## Exercise prompt:
Print, exactly as they stand, the lines below from the one that has "以上四个项目,如有一项未达到" to the one that has "Ingredientes: Glicerina vegetal, óleo", inclusive, leaving out the pictures.

Data for the task Start Marker

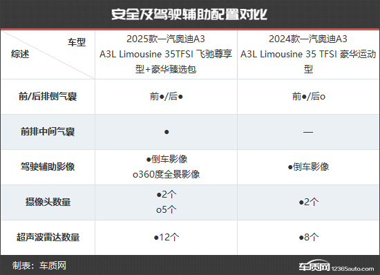 安全配置方面,新款一汽奥迪A3后排侧气囊由老款选装变为标配,并且新增加了前排中间气囊,对驾乘人员保护更加到位。另外,新款一汽奥迪A3还提供了360度全景影像配置的选装,有需要的消费者可自行选购。
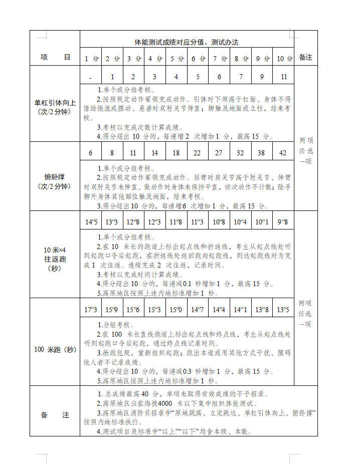 以上四个项目,如有一项未达到合格(60分)标准的,不得进入面试环节。在体能测试合格人员中,成绩从高到低排名。体能测试成绩将在体能测试现场中予以公布。注:参加体能测试人员需携带本人身份证及相关证件。
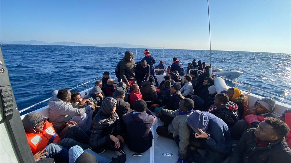 Sahil Güvenlik Komutanlığı ekipleri, 28 Ekim saat 09.50 sıralarında, Seferihisar ilçesi açıklarında, iki lastik bot içerisinde bir grup düzensiz göçmen olduğu bilgisinin alınması üzerine harekete geçti.
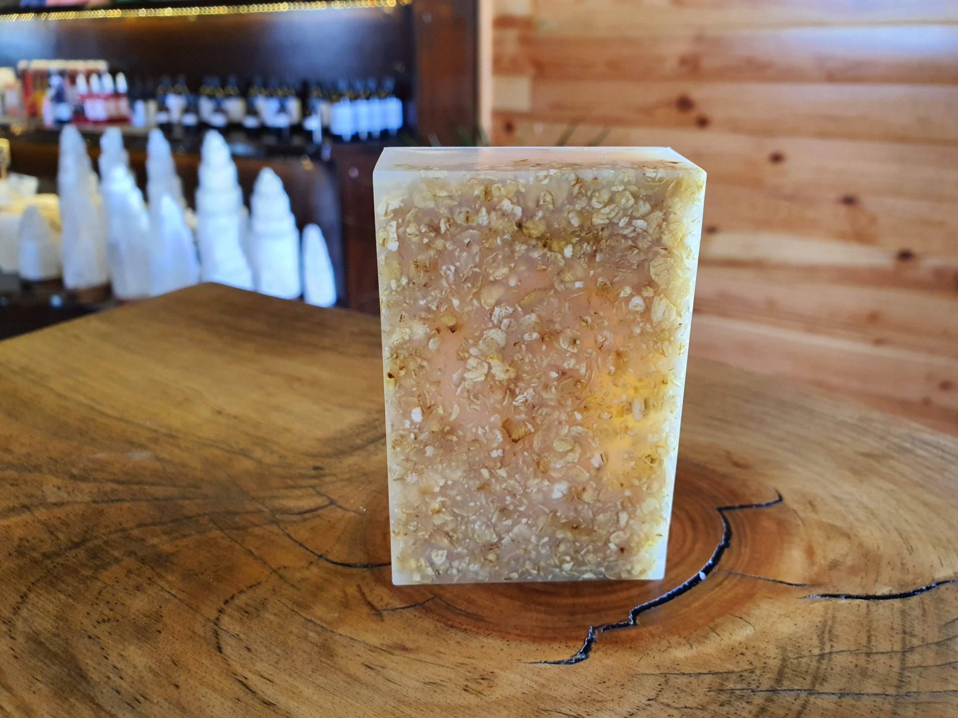 Ingredientes: Glicerina vegetal, óleo vegetal de Côco, leite de cabra desidratado, flocos de aveia.
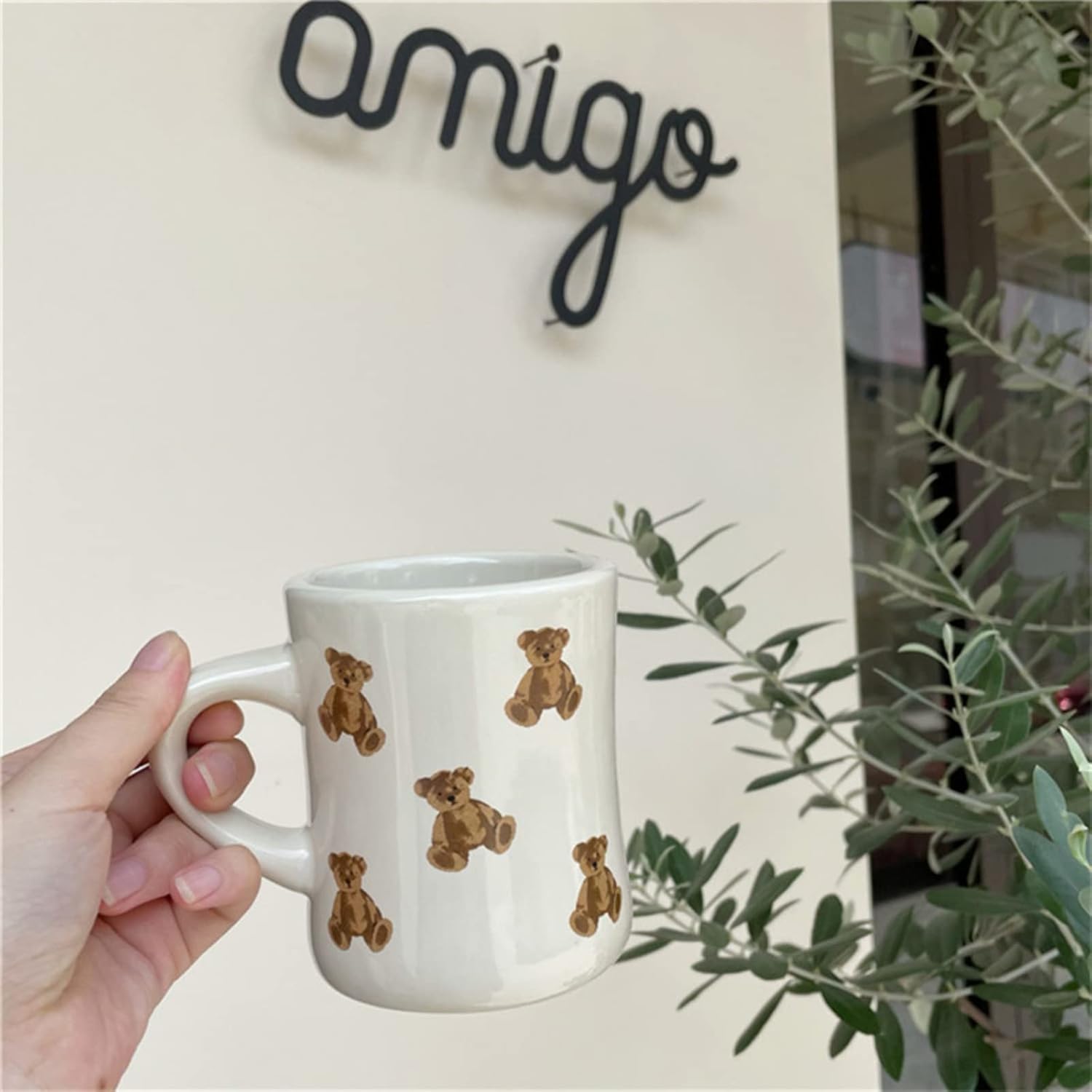 This is a very cute cartoon bear print ceramic mug, 350ml/11.84oz capacity, suitable for coffee, tea, milk and other kinds of drinks.
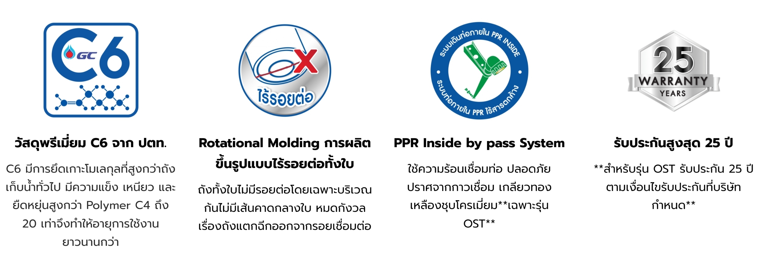 ![]() รับประกันสูงสุด 25 ปี**สำหรับรุ่น OST รับประกัน 25 ปี ตามเงื่อนไขรับประกันที่บริษัทกำหนด** |
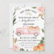 Gorgeous greenery and floral pumpkin invitation with a pink truck filled with pumpkins.
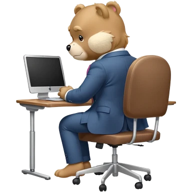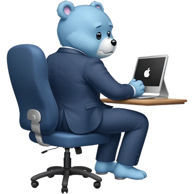 Care bear sad in suit back view, sit on a chair, working on a computer, with a big desk emoji
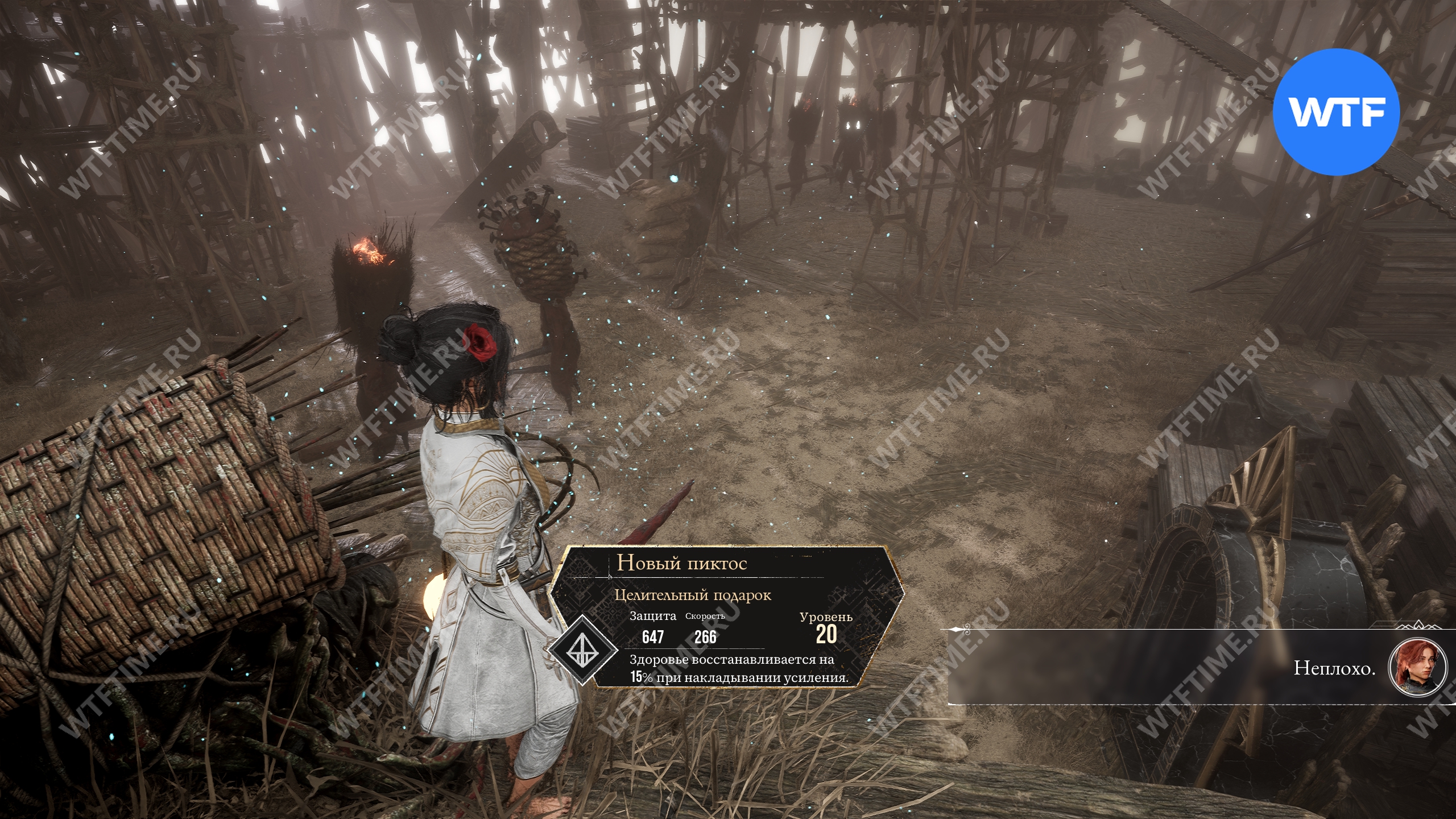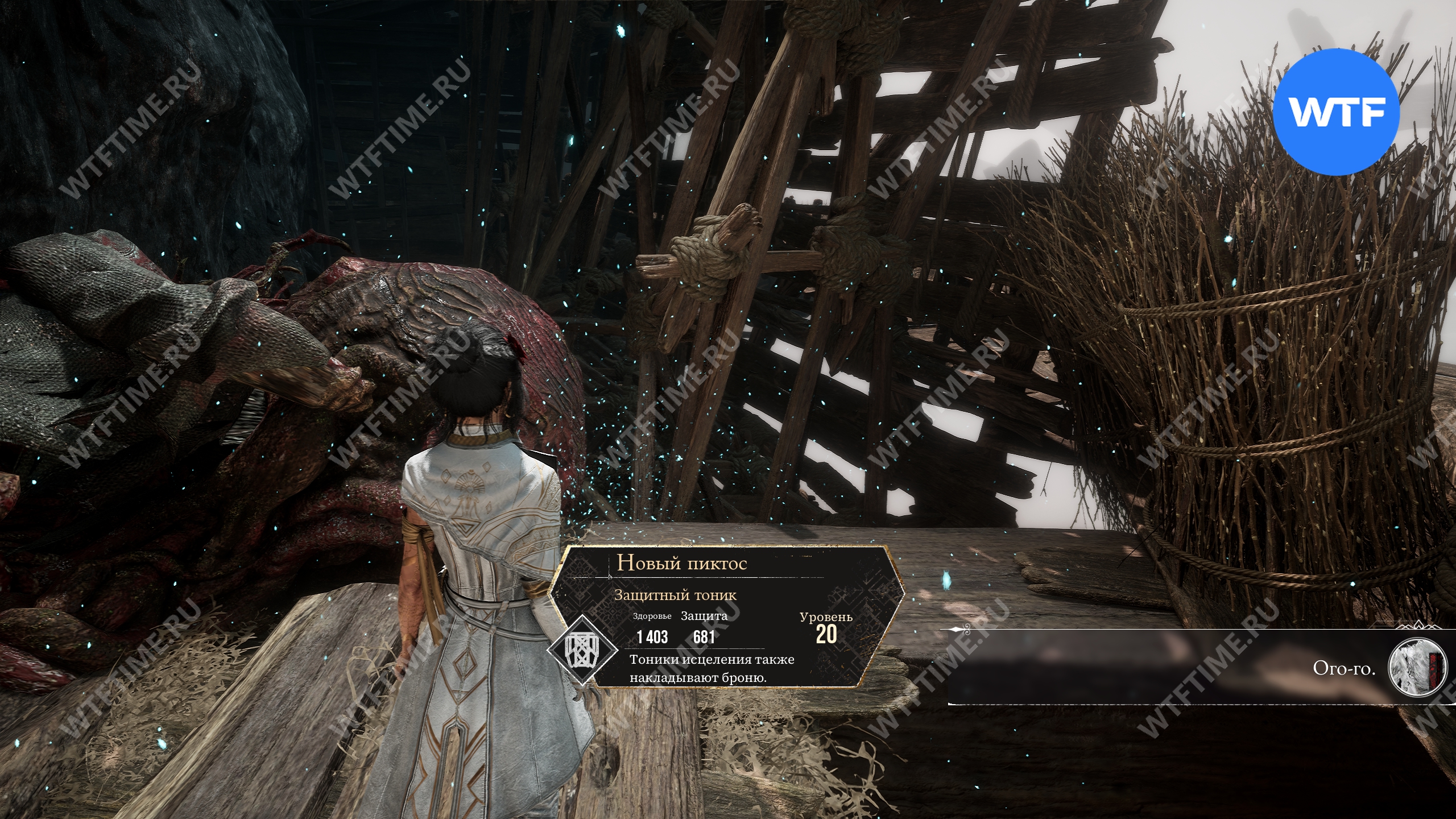 От флага бегите вперед и спуститесь вниз по мосту. Затем сразу же поверните направо и пройдите по деревянным доскам к пиктосу «Защитный тоник» (уровень 20, здоровье 1403, защита 681), с которым тоники исцеления также накладывают броню.

Data for the task End Marker

## Exercise solution:
 以上四个项目,如有一项未达到合格(60分)标准的,不得进入面试环节。在体能测试合格人员中,成绩从高到低排名。体能测试成绩将在体能测试现场中予以公布。注:参加体能测试人员需携带本人身份证及相关证件。
 Sahil Güvenlik Komutanlığı ekipleri, 28 Ekim saat 09.50 sıralarında, Seferihisar ilçesi açıklarında, iki lastik bot içerisinde bir grup düzensiz göçmen olduğu bilgisinin alınması üzerine harekete geçti.
 Ingredientes: Glicerina vegetal, óleo vegetal de Côco, leite de cabra desidratado, flocos de aveia.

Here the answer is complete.